BA482 Band-Switching Diode. Vr = 35V / If = 100mA / Vf = 1.2V / Cd = (f=1-100MHz@Vt=3V) 0.8-1.2pF / Rd = (f=200MHz@If=3mA) 0.6-0.7 Ohm. DO-34.




					qrpparts.com


----------



## EMSEO (Feb 14, 2020)

Did anyone actually ever purchase the BA482 diodes from qrpparts.com and verify they are a safe legitimate site...???? Anyone ???


----------



## chongmagic (Feb 14, 2020)

EMSEO said:


> Did anyone actually ever purchase the BA482 diodes from qrpparts.com and verify they are a safe legitimate site...???? Anyone ???



I did and used them in my build. They seemed legit, they do create a much softer clipping. I recommend putting in an on-off-on switch on this build as I like the sound better with just the opamp.


----------



## EMSEO (Feb 14, 2020)

I'm building the moonshine v2 from pedalpcb... Bootleg its called... and its designed for a switch on/on to switch between low gain and high gain... so these switching diodes BA482 are for soft clipping part of the circuit... I wonder if another diode could be used in its place... I know there's 2 different BA482 DIODES the ones you have are New Jersey Semi and the other one is made by Phillips... Do you happen to know what diode jhs is using now. Because the pedals still in production... The NE5532A Op Amp I had to get surface mount to get that exact op amp.. and coversion pcb... Do you know a source to get the NE5532A op amp through-hole..... ☺?


----------



## chongmagic (Feb 14, 2020)

EMSEO said:


> I'm building the moonshine v2 from pedalpcb... Bootleg its called... and its designed for a switch on/on to switch between low gain and high gain... so these switching diodes BA482 are for soft clipping part of the circuit... I wonder if another diode could be used in its place... I know there's 2 different BA482 DIODES the ones you have are New Jersey Semi and the other one is made by Phillips... Do you happen to know what diode jhs is using now. Because the pedals still in production... The NE5532A Op Amp I had to get surface mount to get that exact op amp.. and coversion pcb... Do you know a source to get the NE5532A op amp through-hole..... ☺?



I built this one, and have found that if I place the rocker of the on-on switch in between the top and bottom positions I like the sound the best, that is why I recommended trying the on-off-on switch.

I got the IC from Tayda I believe.


----------



## EMSEO (Feb 14, 2020)

Tayda does not carry [it any longer. The NE5532A op amp doesn't even show up in there search I had to get the surface mount version and a pcb adapter from Cimarron Technology.

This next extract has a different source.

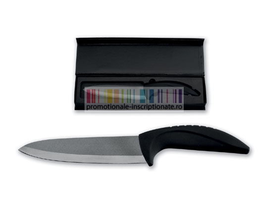 Cutit promotional realizat din ceramica cu lama de 15 centimetri, maner negru curbat si cutie de cadou.

The Moonshine v2 / Bootleg is modified Tube Screamer.. It's best used going into another pedal or dirty amp that why jhs put it his double pedals. In the Sweet Tea it's paired with the Angry Charlie and in the Double Barrel he has it paired with the Morning Glory..... I'm actually building a Sweet Tea v3 (Putting the Moonshine v2 and Angry Charlie v3 in a double pedal enclosure...  Do you know if qrpparts.com is in the usa... The other company the has the Phillips BA482 is in France... Thanks..☺☺???


----------



## Robert (Feb 14, 2020)

EMSEO said:


> Tayda does not carry [it any longer. The NE5532A op amp doesn't even show up in there search I had to get the surface mount version and a pcb adapter from Cimarron Technology.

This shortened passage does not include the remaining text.